If we group on e.g. the genus column and add some additional functions from our package, we can create this:

# group the data on `genus`
ggplot(data_1st %>% group_by(genus)) + 
  # create bars with genus on x axis
  # it looks for variables with class `rsi`,
  # of which we have 4 (earlier created with `as.rsi`)
  geom_rsi(x = "genus") + 
  # split plots on antibiotic
  facet_rsi(facet = "antibiotic") +
  # set colours to the R/SI interpretations
  scale_rsi_colours() +
  # show percentages on y axis
  scale_y_percent(breaks = 0:4 * 25) +
  # turn 90 degrees, to make it bars instead of columns
  coord_flip() +
  # add labels
  labs(title = "Resistance per genus and antibiotic", 
       subtitle = "(this is fake data)") +
  # and print genus in italic to follow our convention
  # (is now y axis because we turned the plot)
  theme(axis.text.y = element_text(face = "italic"))

To simplify this, we also created the ggplot_rsi() function, which combines almost all above functions:

data_1st %>% 
  group_by(genus) %>%
  ggplot_rsi(x = "genus",
             facet = "antibiotic",
             breaks = 0:4 * 25,
             datalabels = FALSE) +
  coord_flip()

Independence test

The next example uses the example_isolates data set.
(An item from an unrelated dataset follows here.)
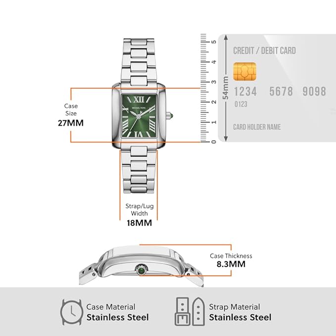 Michael Kors' Special Edition 27mm Emery watch made in collaboration with Anushka Sharma, features a green brushed dial, three-hand movement and stainless steel bracelet. Flip the watch over to reveal Anushka's signature on the caseback.
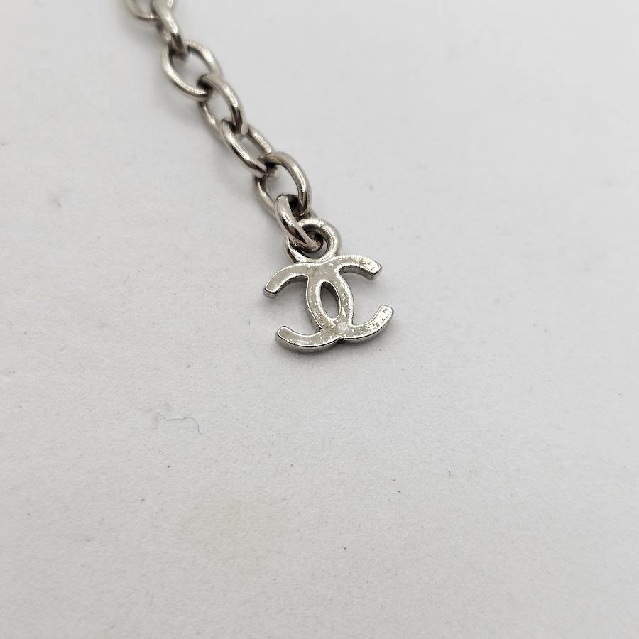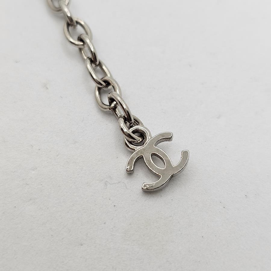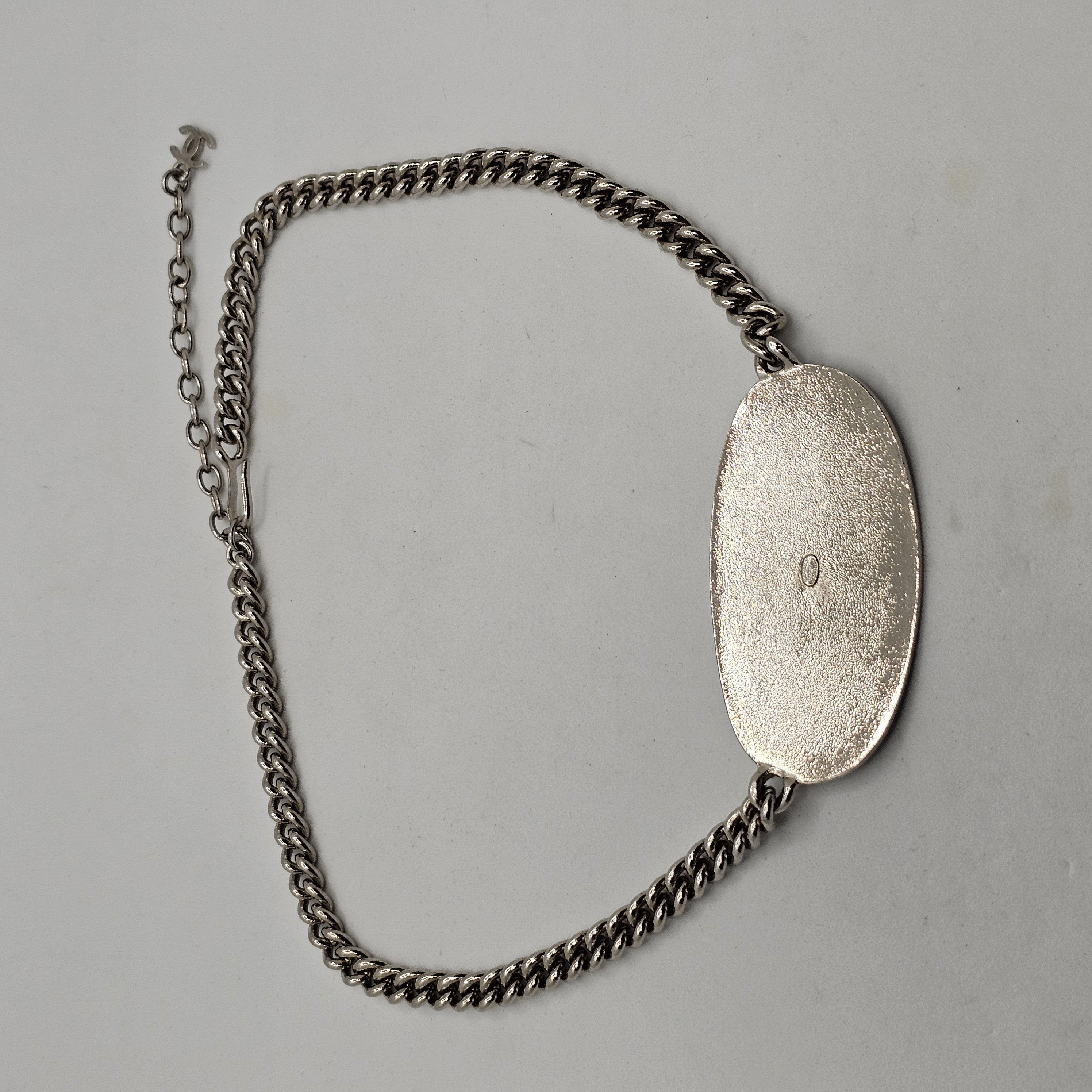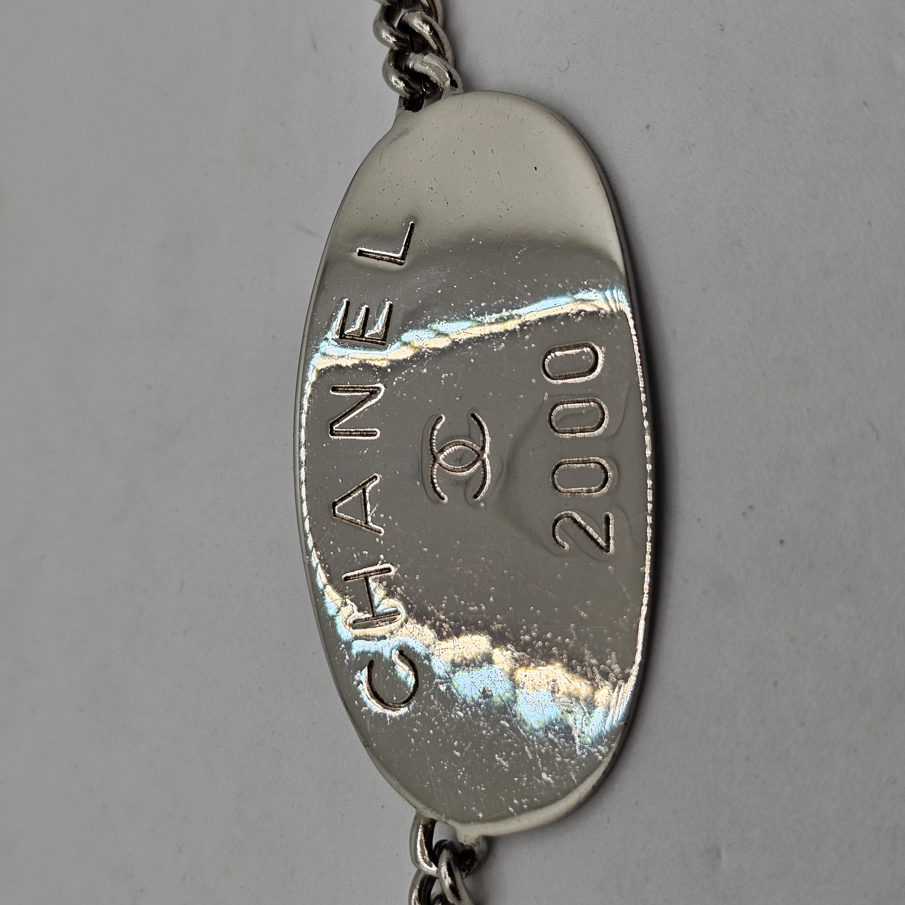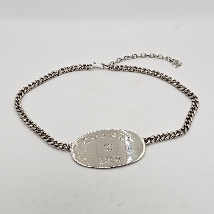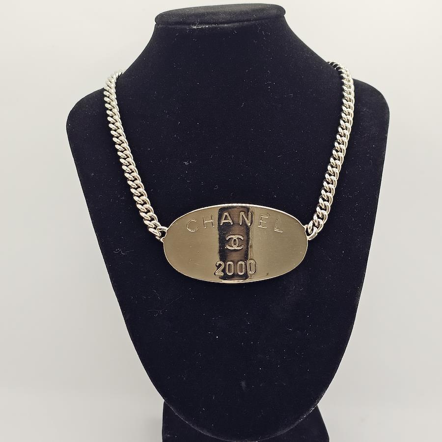 CHANELのチョーカータイプのネックレスです。 大きなオーバルプレートには「CHANEL」「ココマーク」に加え、大変希少な「2000」の年号刻印が入っています。これは、2000年のコレクションで発表された限定品であることを示しており、現在では入手困難なコレクターズアイテムです。 重厚感と光沢のあるシルバーカラーで、ファッションの主役になる存在感があります。

This is a data set included with this package and contains 2,000 microbial isolates with their full antibiograms. It reflects reality and can be used to practice AMR analysis.

We will compare the resistance to fosfomycin (column FOS) in hospital A and D. The input for the fisher.test() can be retrieved with a transformation like this:

# use package 'tidyr' to pivot data; 
# it gets installed with this 'AMR' package
library(tidyr)

check_FOS <- example_isolates %>%
  filter(hospital_id %in% c("A", "D")) %>% # filter on only hospitals A and D
  select(hospital_id, FOS) %>%             # select the hospitals and fosfomycin
  group_by(hospital_id) %>%                # group on the hospitals
  count_df(combine_SI = TRUE) %>%          # count all isolates per group (hospital_id)
  pivot_wider(names_from = hospital_id,    # transform output so A and D are columns
              values_from = value) %>%     
  select(A, D) %>%                         # and only select these columns
  as.matrix()                              # transform to a good old matrix for fisher.test()

check_FOS
#       A  D
# [1,] 25 77
# [2,] 24 33

We can apply the test now with:

# do Fisher's Exact Test
fisher.test(check_FOS)                            
# 
#   Fisher's Exact Test for Count Data
# 
# data:  check_FOS
# p-value = 0.03104
# alternative hypothesis: true odds ratio is not equal to 1
# 95 percent confidence interval:
#  0.2111489 0.9485124
# sample estimates:
# odds ratio 
#  0.4488318

As can be seen, the p value is 0.031, which means that the fosfomycin resistance found in hospital A and D are really different.